- Work task
Skip the pictures and write out, word for word, the lines below from the one with "1. Notekūdeņu dūņu" through the one with "This exceptional townhome", inclusive.

▼▼▼

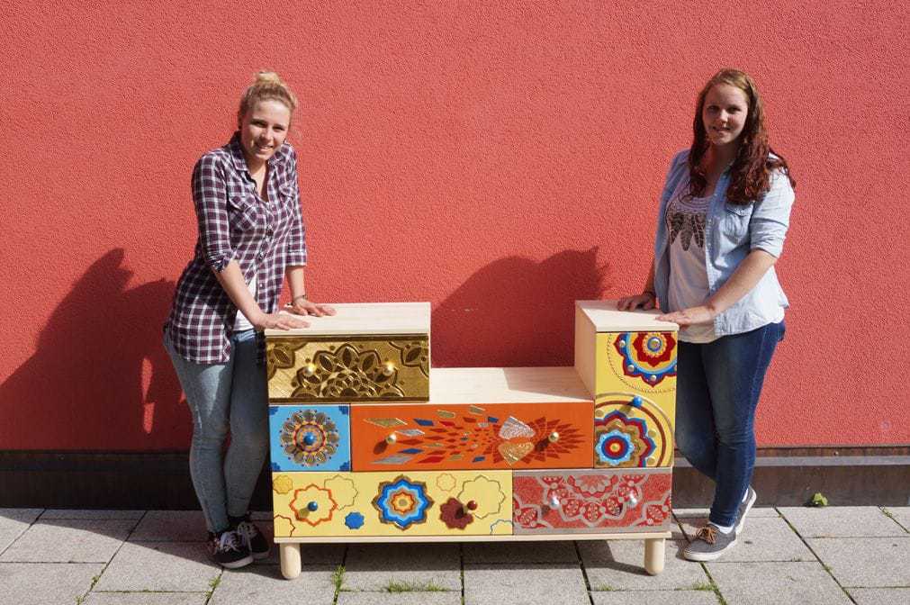 Zur Verschönerung des Foyers der Firma Grüner GmbH kreierten Timna Eulenhaupt und Franziska Grüner eine Holzkommode mit dem Schwerpunkt „edel und praktisch“. Bei der Gestaltung der Holzkommode wurde jede der sechs verschieden großen Schubladentüren mit unterschiedlichen Techniken der Vergolderei verziert. Durch die richtige Zusammenstellung von Farbharmonie und Materialien wurde trotz der individuellen Gestaltung ein stimmiges Bild aus dem Möbelstück.
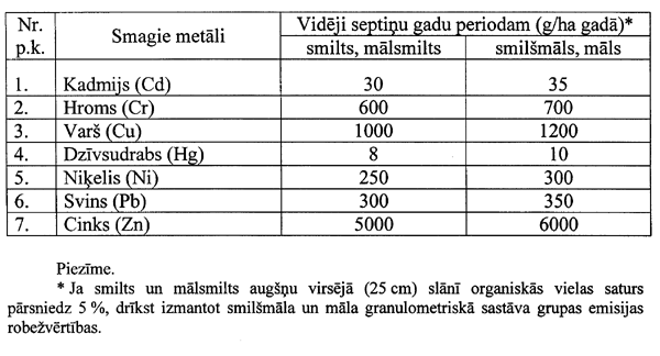 1. Notekūdeņu dūņu un to komposta sausnas gada emisijas robežvērtība ir 2 t/ha gadā.
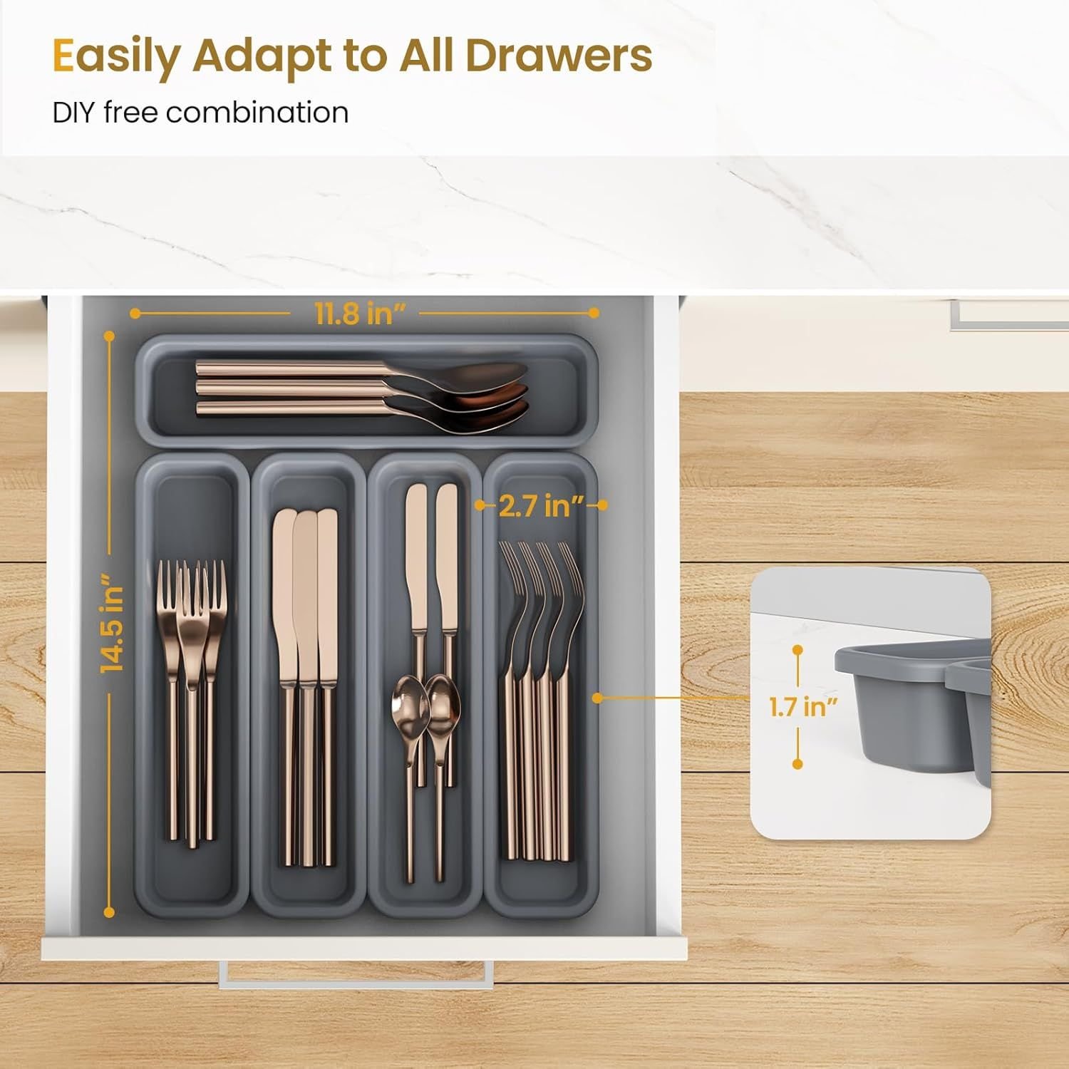 5 Pack Silicone Drawer Organizer for Kitchen, DIY Free Combination Silverware Organizer, Utensil Drawer Organizer
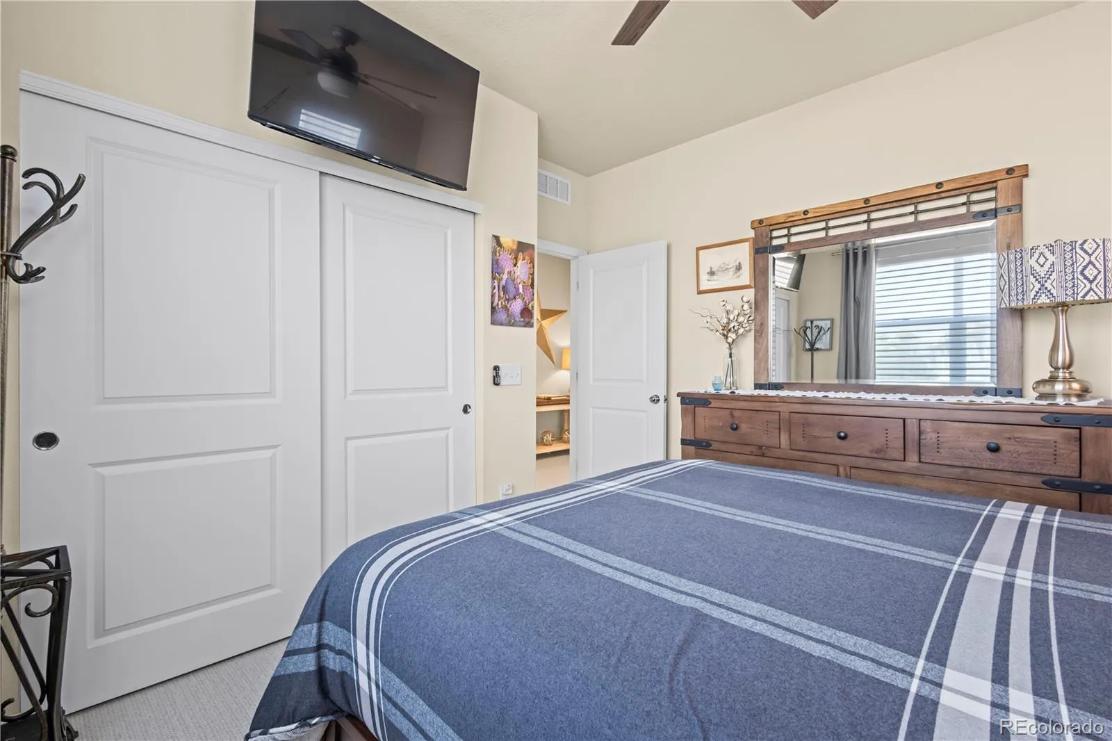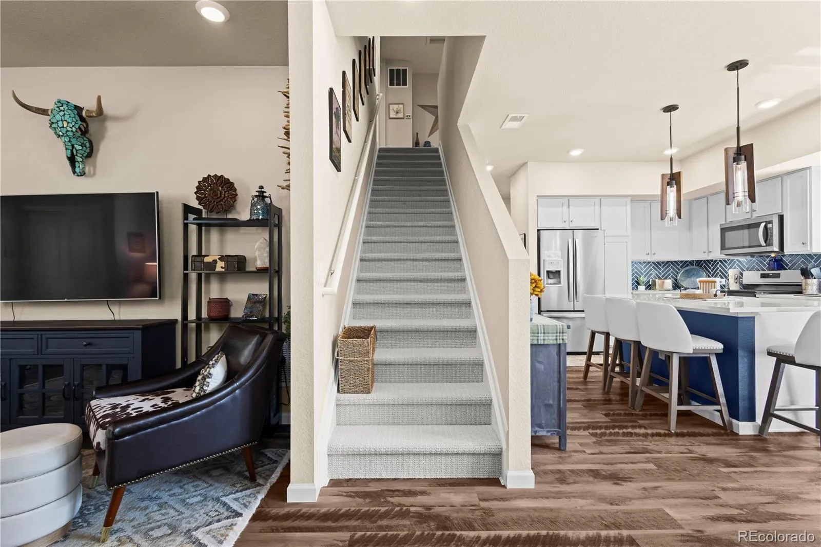 This exceptional townhome offers the ultimate blend of luxury, lifestyle and location. Every detail of this home has been thoughtfully designed and tastefully decorated. This desirable two-story floorplan townhome backs up to Sunset Park green space where you can enjoy evenings on your large private deck with views of the creek below. The open concept main floor has an upgraded kitchen layout with Quartz countertops, a large island, stainless steel appliances, low maintenance vinyl flooring and a glass tile backsplash. Your dinette has access to the new and very private Trex deck. This flows into the living room with dual coat closets for storage. You also have a three-quarter bath and a pantry conveniently located just off the garage. The second floor primary bedroom shines with two walk-in closets, an en-suite bath including a walk in shower and dual sinks. Two more bedrooms and a full bath with tub complete the second level with views of the green space and trickling creek from the windows. Two bedrooms have luxury wool carpet the third has high-end maple hardwood floors, all three bedrooms include ceiling fans. The upgraded garage is bright and clean with epoxy floors and additional celling storage. Location is ideal a short drive to Golden and only 10 minutes from Red Rocks. A quick walk to Oak St light rail gives you easy access to Golden, Ball Arena, Empower Field, and Union Station! You can’t beat this location.
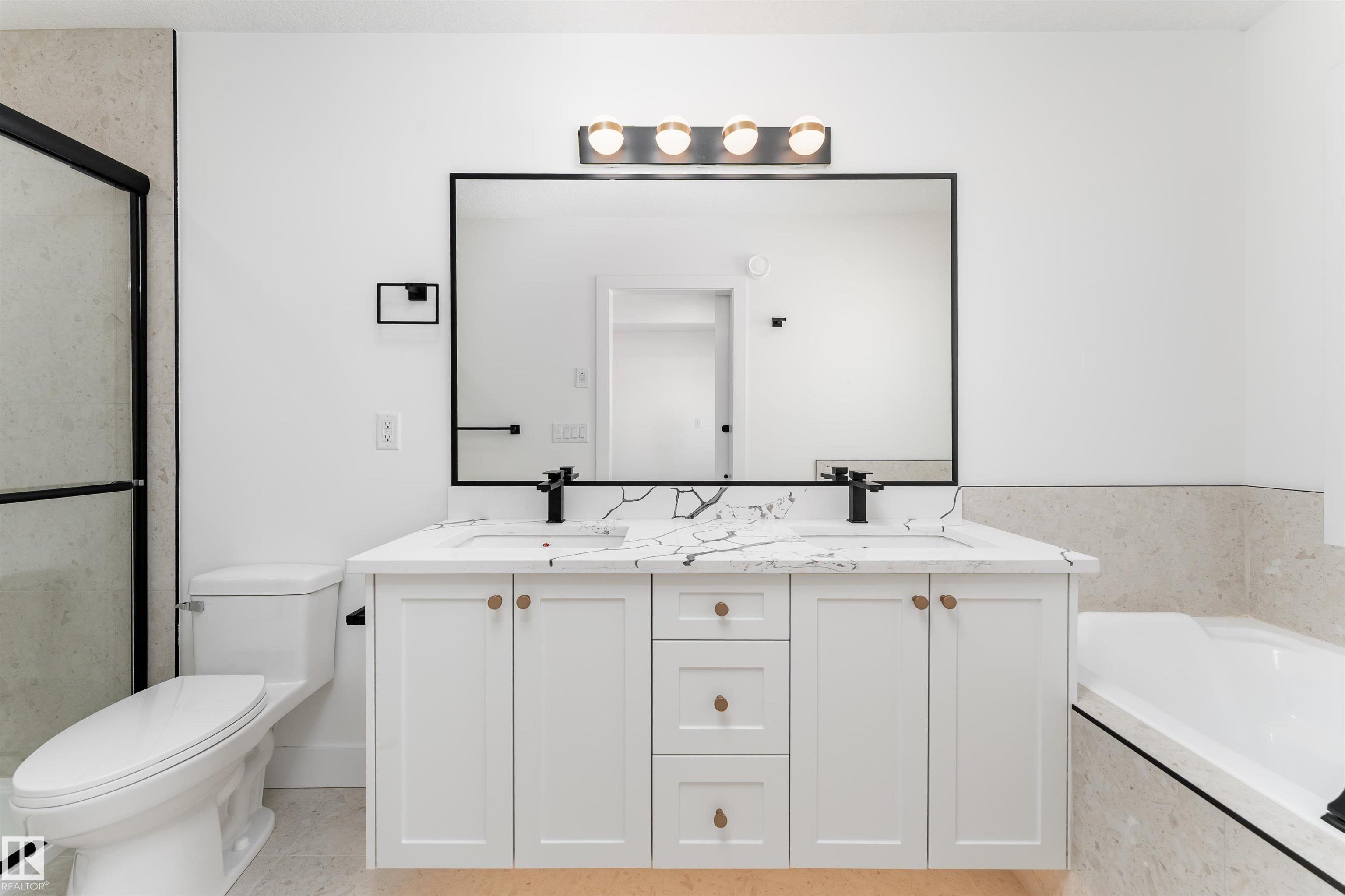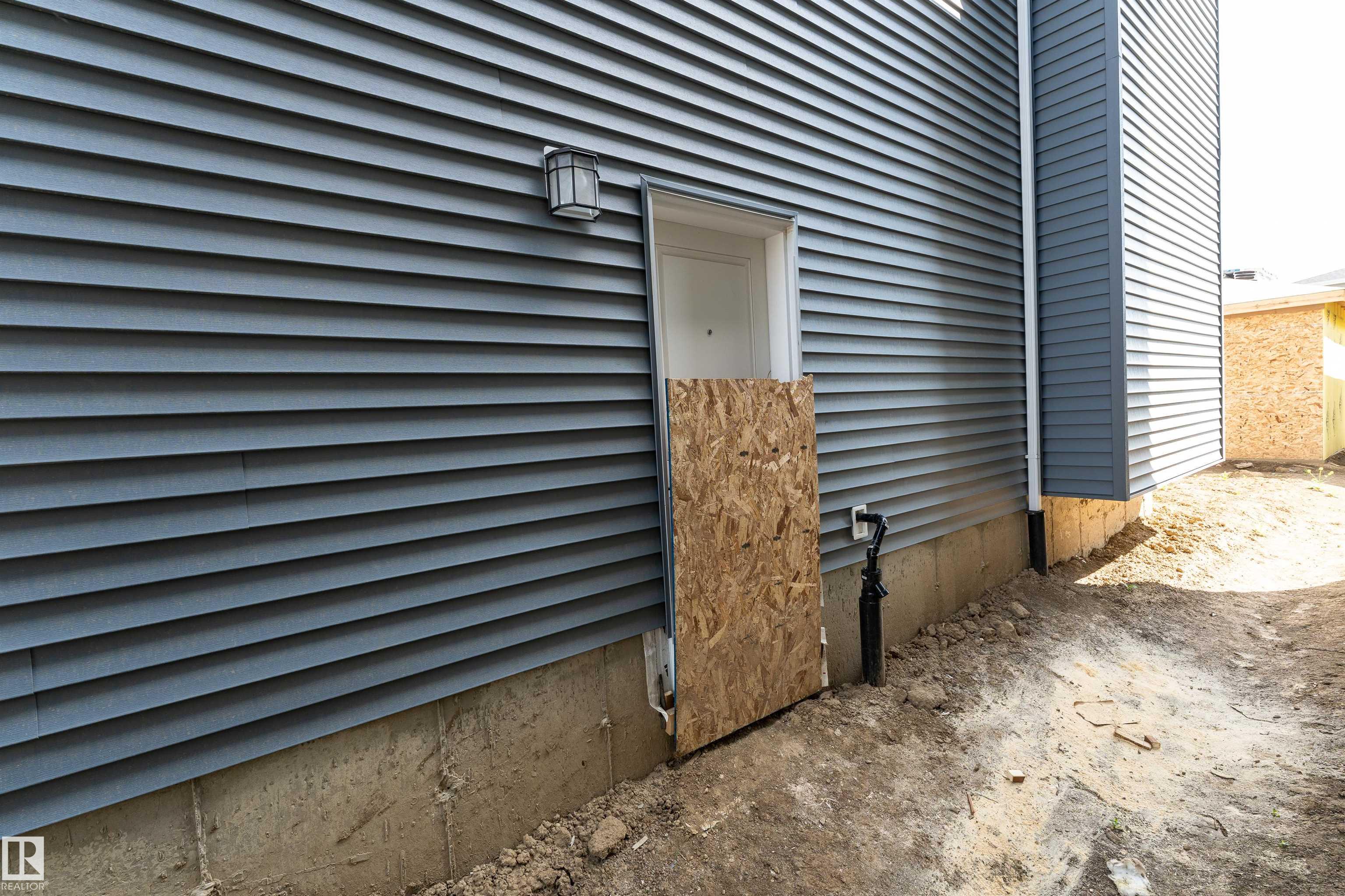 Thoughtfully designed and move in ready, this 1,750 sq ft 2025 built half duplex is located in the growing community of Starling. The main floor offers an airy open layout with 9 ft ceilings, durable vinyl flooring, and large windows that fill the space with natural light. A beautifully finished floor to ceiling tiled electric fireplace creates a warm focal point in the living area. The kitchen features modern white cabinetry, warm wood tone accents, and a generous island, making it both functional and inviting. Upstairs you will find three well sized bedrooms, including a comfortable primary suite with walk in closet and private ensuite, along with upper floor laundry. The unfinished basement with a separate side entrance allows for excellent future development potential. Complete with a double detached garage and conveniently located near parks, walking trails, ponds, schools, shopping, and quick access to Anthony Henday and Yellowhead.

▲▲▲

- Written reply
 1. Notekūdeņu dūņu un to komposta sausnas gada emisijas robežvērtība ir 2 t/ha gadā.
 5 Pack Silicone Drawer Organizer for Kitchen, DIY Free Combination Silverware Organizer, Utensil Drawer Organizer
 This exceptional townhome offers the ultimate blend of luxury, lifestyle and location. Every detail of this home has been thoughtfully designed and tastefully decorated. This desirable two-story floorplan townhome backs up to Sunset Park green space where you can enjoy evenings on your large private deck with views of the creek below. The open concept main floor has an upgraded kitchen layout with Quartz countertops, a large island, stainless steel appliances, low maintenance vinyl flooring and a glass tile backsplash. Your dinette has access to the new and very private Trex deck. This flows into the living room with dual coat closets for storage. You also have a three-quarter bath and a pantry conveniently located just off the garage. The second floor primary bedroom shines with two walk-in closets, an en-suite bath including a walk in shower and dual sinks. Two more bedrooms and a full bath with tub complete the second level with views of the green space and trickling creek from the windows. Two bedrooms have luxury wool carpet the third has high-end maple hardwood floors, all three bedrooms include ceiling fans. The upgraded garage is bright and clean with epoxy floors and additional celling storage. Location is ideal a short drive to Golden and only 10 minutes from Red Rocks. A quick walk to Oak St light rail gives you easy access to Golden, Ball Arena, Empower Field, and Union Station! You can’t beat this location.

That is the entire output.